Task directions:
Return the data below exactly, please, but drop the pictures.

Supplied information:
>>>>>
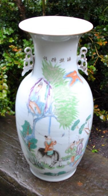 Stor kinesisk porcelæns gulvvase, 19. årh. Bemalinger i form af mennesker i landskab. Med tekster. Med to hanke. Med tidligere forgyldning. H.: 43,5 cm.
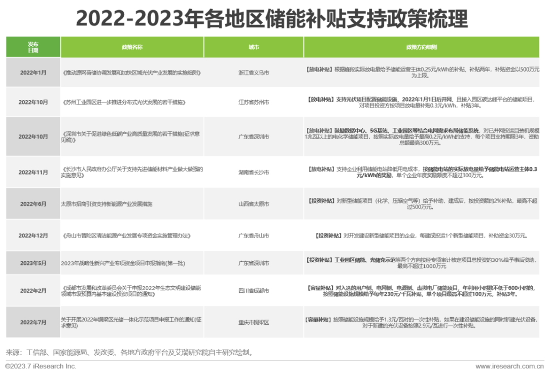 2022年能源局和發改委發布《“十四五”新型儲能發展實施方案》,方案中指出探索推廣共享儲能模式。鼓勵新能源電站以自建、租用或購買等形式配置儲能,發揮儲能“一站多用”的共享作用。
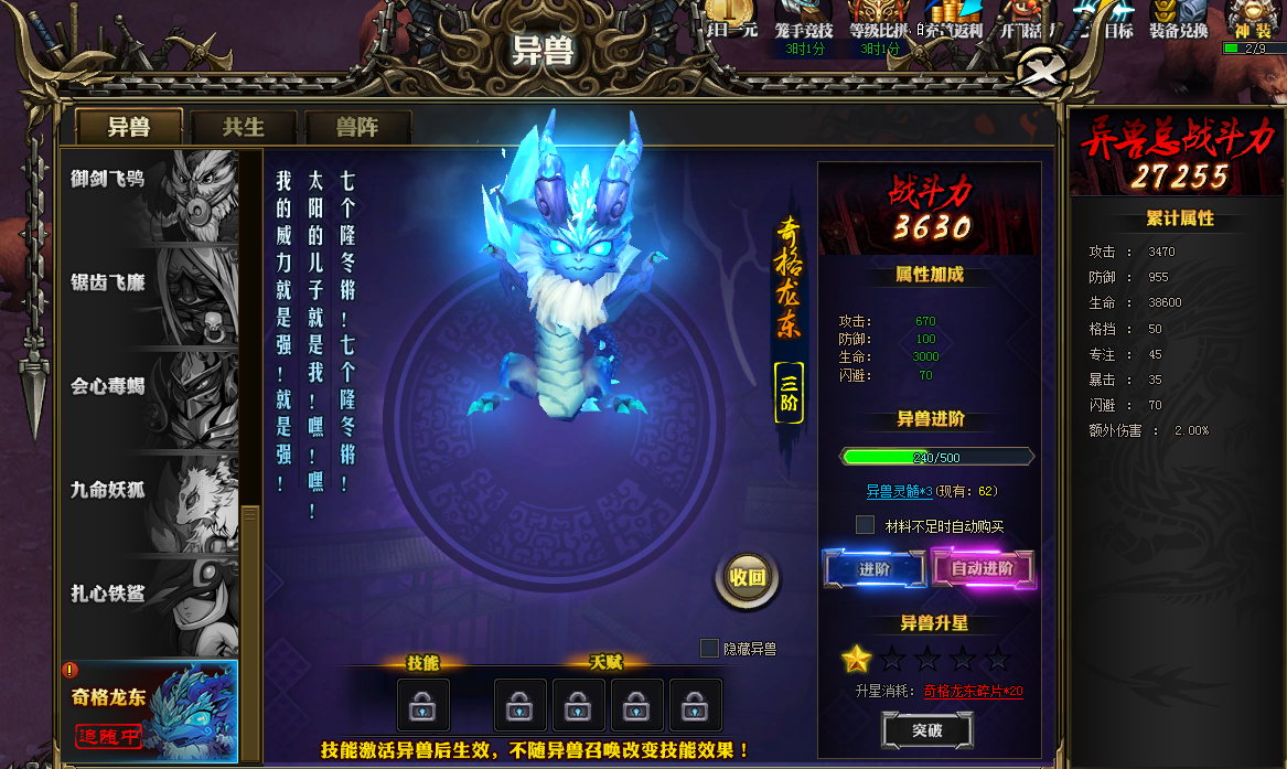 活动内容:限定的时间内达成条件可获得孵化的进度,孵化满后可获得异兽(通过邮件获得道具), 限定时间都结束后,可以通过累充来补进度
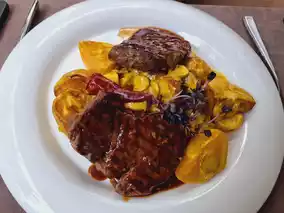 🍢 The second hot dish we chose was Beef medallions with potatoes. New potatoes were served with a creamy onion sauce. Beef tenderloin was served with a sweet sauce. The meat was very tender, well-done, and melted in the mouth.
<<<<<
Answer space:
 Stor kinesisk porcelæns gulvvase, 19. årh. Bemalinger i form af mennesker i landskab. Med tekster. Med to hanke. Med tidligere forgyldning. H.: 43,5 cm.
 2022年能源局和發改委發布《“十四五”新型儲能發展實施方案》,方案中指出探索推廣共享儲能模式。鼓勵新能源電站以自建、租用或購買等形式配置儲能,發揮儲能“一站多用”的共享作用。
 活动内容:限定的时间内达成条件可获得孵化的进度,孵化满后可获得异兽(通过邮件获得道具), 限定时间都结束后,可以通过累充来补进度
 🍢 The second hot dish we chose was Beef medallions with potatoes. New potatoes were served with a creamy onion sauce. Beef tenderloin was served with a sweet sauce. The meat was very tender, well-done, and melted in the mouth.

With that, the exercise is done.